The concern with masculine military virtue, though always a part of the movement, has become a signature feature of the Trump and post-Trump era. For example, Tony Perkins, head of the Family Research Council, has recently formed a partnership with retired Lt. Gen. William Boykin, who formerly served at the Central Intelligence Agency and has played a role in nurturing Christian nationalist networks in the military and among “disaster relief” NGOs abroad.

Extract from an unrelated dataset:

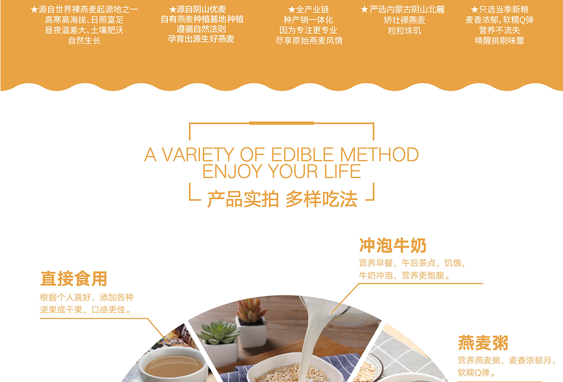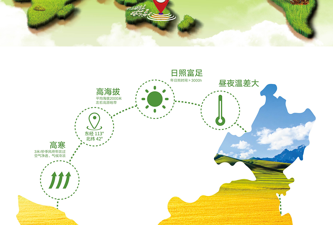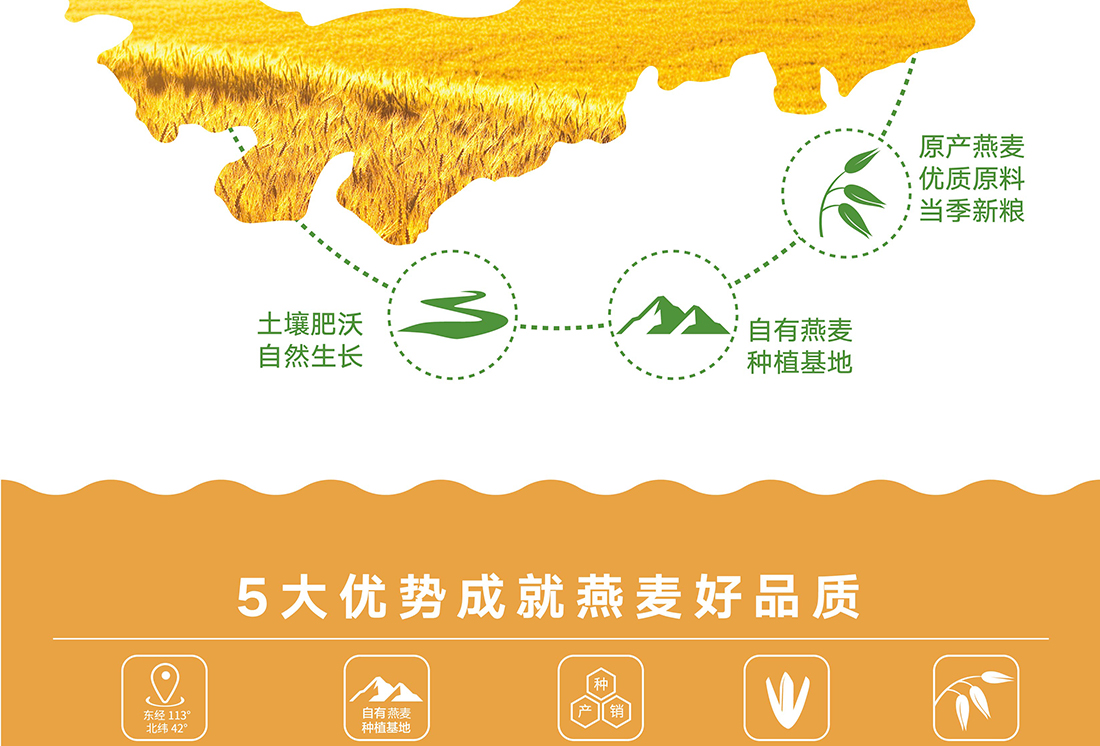 內蒙古,世界裸燕麥起源地之一;陰山源生燕麥在此初生滿足生長規(guī)律一切所需,高寒、高海拔、日照充足;遵循自然法則,靠天滋養(yǎng),自然生長;

The pair have helped lead a men’s ministry called Stand Courageous to help men “make commitments that will move men closer to God’s good purpose and design—men who will Stand Courageous!” At Stand Courageous gatherings across the country, masculinity, patriarchy, and militarism are the name of religion itself. “We need men to be men, tough with compassionate strength, bent toward justice without compromise, locking arms and standing,” the group’s materials declare. “We need to be the men God created us to be; warriors for all that is right, true, and just.”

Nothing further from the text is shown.